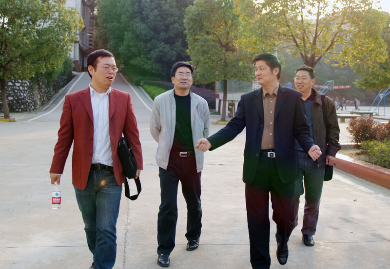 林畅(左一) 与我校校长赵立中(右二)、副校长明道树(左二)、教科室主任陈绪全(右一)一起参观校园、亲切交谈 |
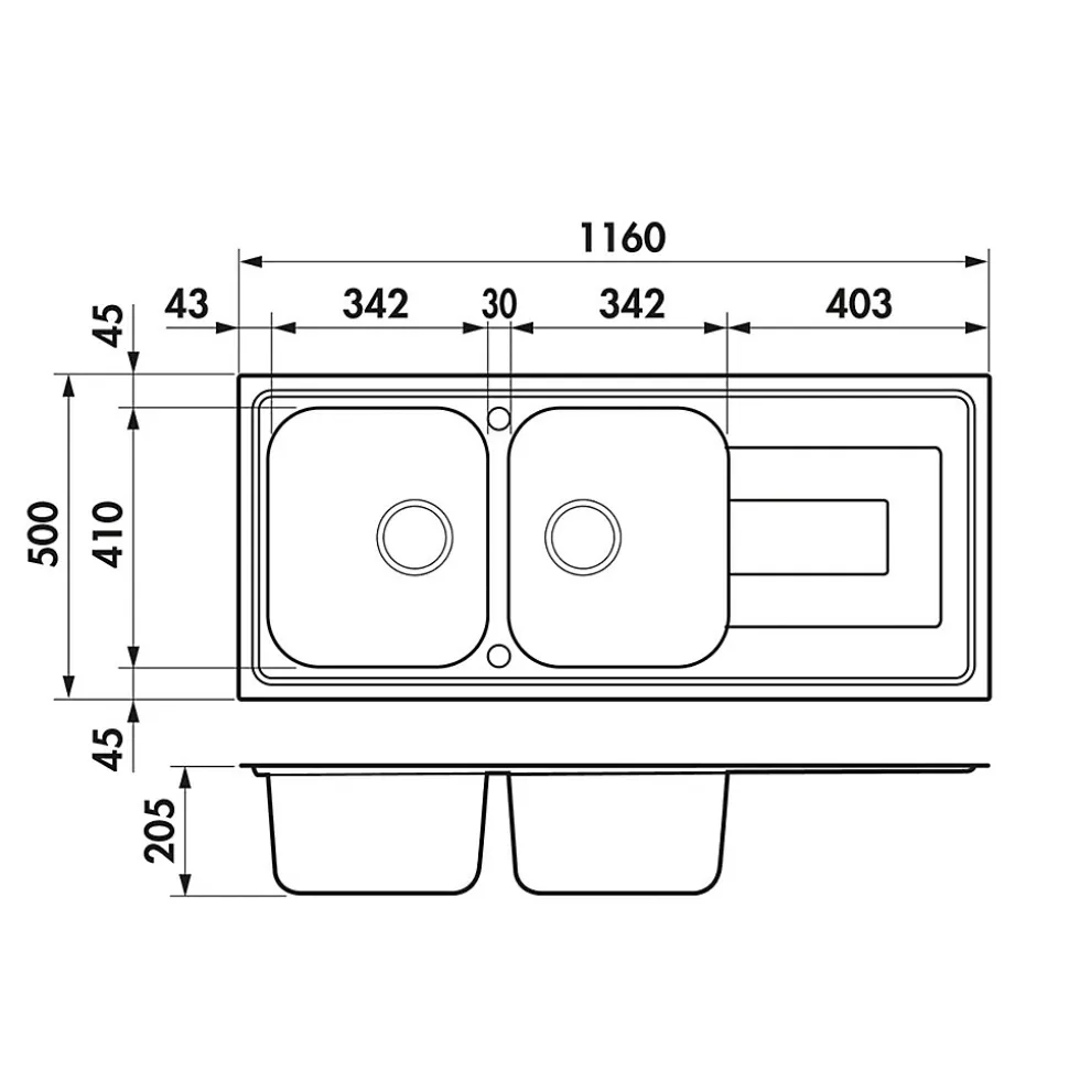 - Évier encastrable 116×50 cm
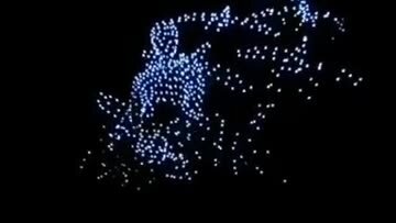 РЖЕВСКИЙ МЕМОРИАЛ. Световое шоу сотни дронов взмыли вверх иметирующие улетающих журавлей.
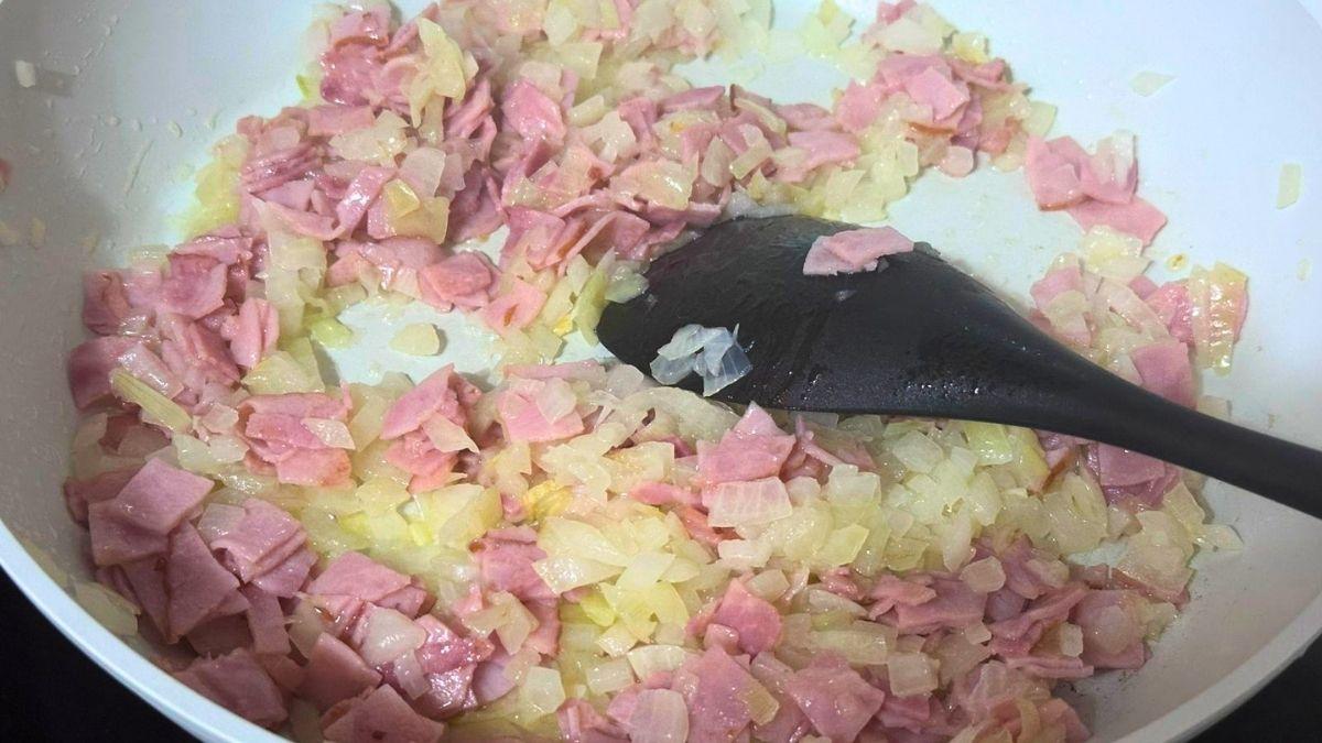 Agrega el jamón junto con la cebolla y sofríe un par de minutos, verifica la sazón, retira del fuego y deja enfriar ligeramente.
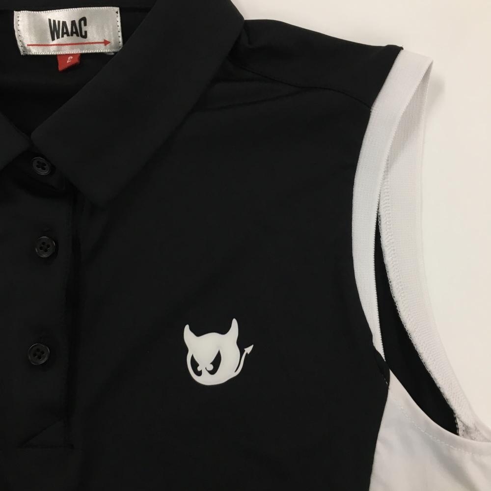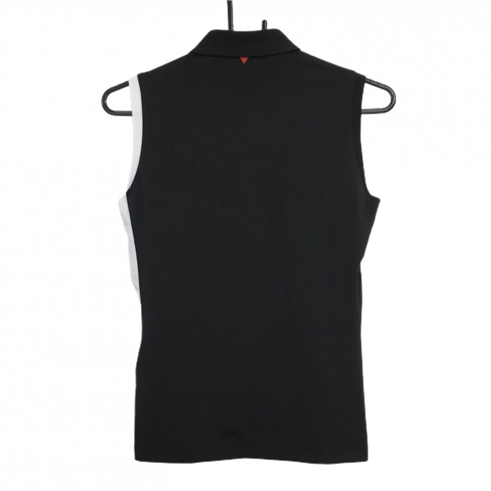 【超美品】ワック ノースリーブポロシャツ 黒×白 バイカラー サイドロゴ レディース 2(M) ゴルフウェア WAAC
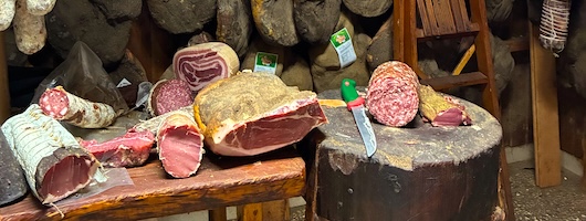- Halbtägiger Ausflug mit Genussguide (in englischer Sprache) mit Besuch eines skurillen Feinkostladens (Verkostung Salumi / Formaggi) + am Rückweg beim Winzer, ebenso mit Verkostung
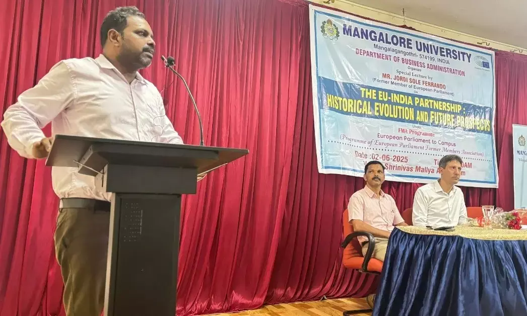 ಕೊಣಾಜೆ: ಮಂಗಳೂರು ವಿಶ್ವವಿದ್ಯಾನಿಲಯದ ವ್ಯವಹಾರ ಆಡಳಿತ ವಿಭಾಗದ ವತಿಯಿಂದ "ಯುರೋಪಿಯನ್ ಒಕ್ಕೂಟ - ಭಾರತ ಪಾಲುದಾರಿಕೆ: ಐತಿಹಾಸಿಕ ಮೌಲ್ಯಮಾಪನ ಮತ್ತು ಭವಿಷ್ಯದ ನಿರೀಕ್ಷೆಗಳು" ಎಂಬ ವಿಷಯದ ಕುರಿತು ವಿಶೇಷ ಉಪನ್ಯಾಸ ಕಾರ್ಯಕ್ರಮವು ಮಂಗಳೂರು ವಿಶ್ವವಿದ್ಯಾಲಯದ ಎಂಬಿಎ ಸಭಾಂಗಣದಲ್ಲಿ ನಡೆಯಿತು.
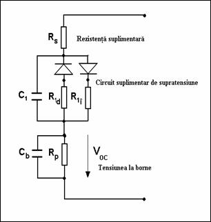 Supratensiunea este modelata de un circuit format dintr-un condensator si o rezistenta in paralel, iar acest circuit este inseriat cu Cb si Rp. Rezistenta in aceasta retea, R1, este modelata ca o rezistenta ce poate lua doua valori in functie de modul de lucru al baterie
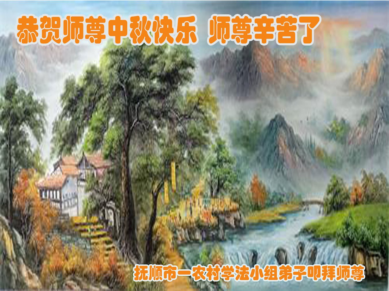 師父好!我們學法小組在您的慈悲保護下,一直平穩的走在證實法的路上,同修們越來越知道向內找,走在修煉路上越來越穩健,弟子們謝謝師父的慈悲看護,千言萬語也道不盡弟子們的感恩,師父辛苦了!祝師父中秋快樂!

__________________________________________________

▶ [Action item]: Once you find the line containing "ಕೊಣಾಜೆ: ಮಂಗಳೂರು ವಿಶ್ವವಿದ್ಯಾನಿಲಯದ", retype it and every line after it through the last line of the records above, exactly. Add nothing else, and leave out the pictures.

▶ [Response below]:
 ಕೊಣಾಜೆ: ಮಂಗಳೂರು ವಿಶ್ವವಿದ್ಯಾನಿಲಯದ ವ್ಯವಹಾರ ಆಡಳಿತ ವಿಭಾಗದ ವತಿಯಿಂದ "ಯುರೋಪಿಯನ್ ಒಕ್ಕೂಟ - ಭಾರತ ಪಾಲುದಾರಿಕೆ: ಐತಿಹಾಸಿಕ ಮೌಲ್ಯಮಾಪನ ಮತ್ತು ಭವಿಷ್ಯದ ನಿರೀಕ್ಷೆಗಳು" ಎಂಬ ವಿಷಯದ ಕುರಿತು ವಿಶೇಷ ಉಪನ್ಯಾಸ ಕಾರ್ಯಕ್ರಮವು ಮಂಗಳೂರು ವಿಶ್ವವಿದ್ಯಾಲಯದ ಎಂಬಿಎ ಸಭಾಂಗಣದಲ್ಲಿ ನಡೆಯಿತು.
 Supratensiunea este modelata de un circuit format dintr-un condensator si o rezistenta in paralel, iar acest circuit este inseriat cu Cb si Rp. Rezistenta in aceasta retea, R1, este modelata ca o rezistenta ce poate lua doua valori in functie de modul de lucru al baterie
 師父好!我們學法小組在您的慈悲保護下,一直平穩的走在證實法的路上,同修們越來越知道向內找,走在修煉路上越來越穩健,弟子們謝謝師父的慈悲看護,千言萬語也道不盡弟子們的感恩,師父辛苦了!祝師父中秋快樂!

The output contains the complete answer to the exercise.